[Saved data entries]

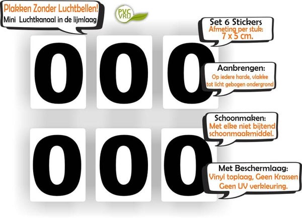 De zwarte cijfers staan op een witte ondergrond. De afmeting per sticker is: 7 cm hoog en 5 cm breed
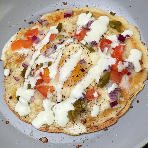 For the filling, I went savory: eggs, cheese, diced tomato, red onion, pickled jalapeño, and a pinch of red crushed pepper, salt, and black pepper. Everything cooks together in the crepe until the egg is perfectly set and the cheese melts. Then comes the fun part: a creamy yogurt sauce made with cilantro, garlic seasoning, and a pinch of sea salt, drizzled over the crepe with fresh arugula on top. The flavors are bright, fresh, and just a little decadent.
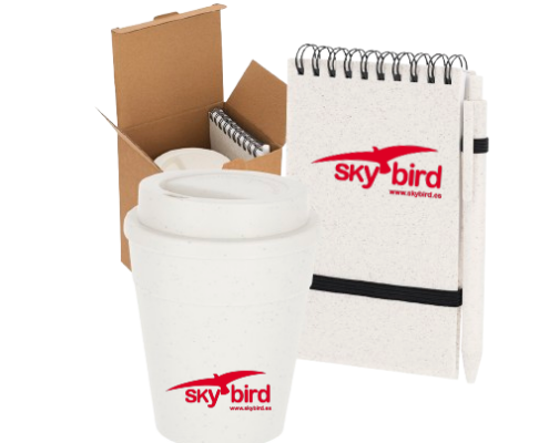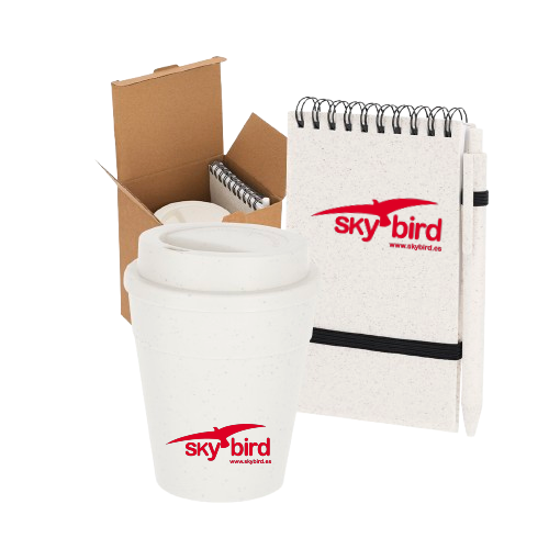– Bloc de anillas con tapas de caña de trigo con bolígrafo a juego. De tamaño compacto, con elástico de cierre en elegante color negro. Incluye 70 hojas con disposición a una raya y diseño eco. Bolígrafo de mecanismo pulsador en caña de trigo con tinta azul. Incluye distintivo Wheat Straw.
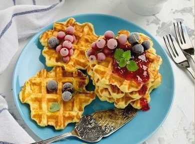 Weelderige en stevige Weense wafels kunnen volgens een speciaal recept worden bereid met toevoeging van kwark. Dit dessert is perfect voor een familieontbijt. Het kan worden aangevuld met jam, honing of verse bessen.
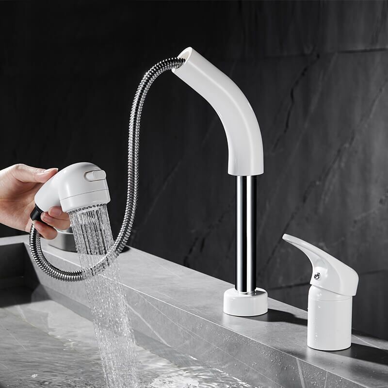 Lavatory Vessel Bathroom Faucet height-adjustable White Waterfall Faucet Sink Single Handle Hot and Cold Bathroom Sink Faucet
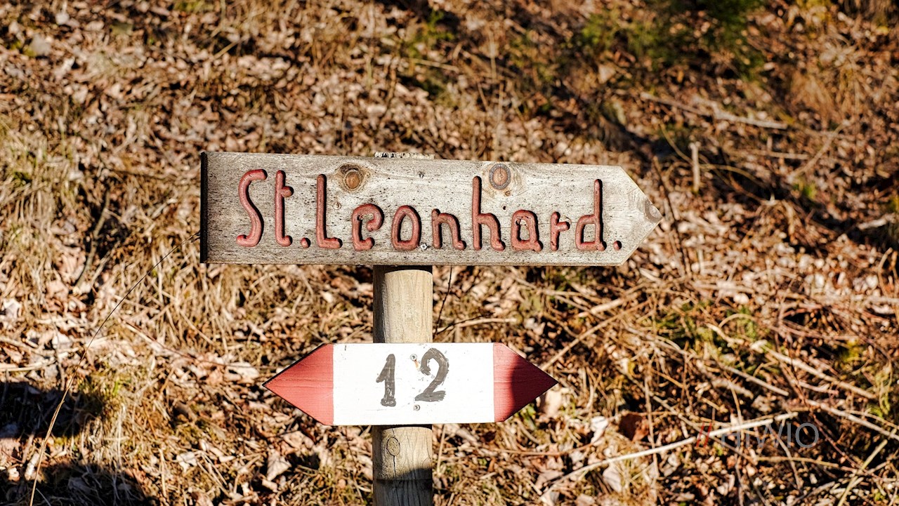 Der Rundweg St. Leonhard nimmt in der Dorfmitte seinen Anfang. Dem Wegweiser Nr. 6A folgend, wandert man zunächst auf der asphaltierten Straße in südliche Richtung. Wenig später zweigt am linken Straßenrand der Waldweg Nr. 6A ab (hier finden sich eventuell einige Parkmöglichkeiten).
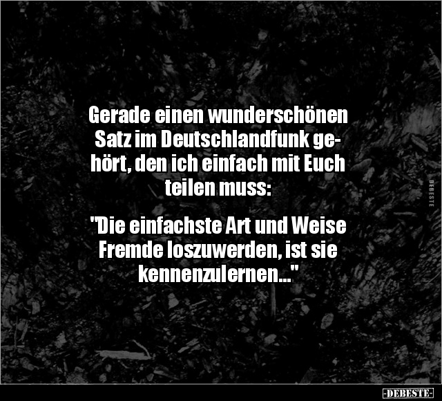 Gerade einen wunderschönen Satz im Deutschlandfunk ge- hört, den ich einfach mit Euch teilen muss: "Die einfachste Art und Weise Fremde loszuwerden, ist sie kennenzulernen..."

**Your instructions**.
Could every record be given again exactly, with its pictures left out?

**Response for this exercise**.
 De zwarte cijfers staan op een witte ondergrond. De afmeting per sticker is: 7 cm hoog en 5 cm breed
 For the filling, I went savory: eggs, cheese, diced tomato, red onion, pickled jalapeño, and a pinch of red crushed pepper, salt, and black pepper. Everything cooks together in the crepe until the egg is perfectly set and the cheese melts. Then comes the fun part: a creamy yogurt sauce made with cilantro, garlic seasoning, and a pinch of sea salt, drizzled over the crepe with fresh arugula on top. The flavors are bright, fresh, and just a little decadent.
– Bloc de anillas con tapas de caña de trigo con bolígrafo a juego. De tamaño compacto, con elástico de cierre en elegante color negro. Incluye 70 hojas con disposición a una raya y diseño eco. Bolígrafo de mecanismo pulsador en caña de trigo con tinta azul. Incluye distintivo Wheat Straw.
 Weelderige en stevige Weense wafels kunnen volgens een speciaal recept worden bereid met toevoeging van kwark. Dit dessert is perfect voor een familieontbijt. Het kan worden aangevuld met jam, honing of verse bessen.
 Lavatory Vessel Bathroom Faucet height-adjustable White Waterfall Faucet Sink Single Handle Hot and Cold Bathroom Sink Faucet
 Der Rundweg St. Leonhard nimmt in der Dorfmitte seinen Anfang. Dem Wegweiser Nr. 6A folgend, wandert man zunächst auf der asphaltierten Straße in südliche Richtung. Wenig später zweigt am linken Straßenrand der Waldweg Nr. 6A ab (hier finden sich eventuell einige Parkmöglichkeiten).
 Gerade einen wunderschönen Satz im Deutschlandfunk ge- hört, den ich einfach mit Euch teilen muss: "Die einfachste Art und Weise Fremde loszuwerden, ist sie kennenzulernen..."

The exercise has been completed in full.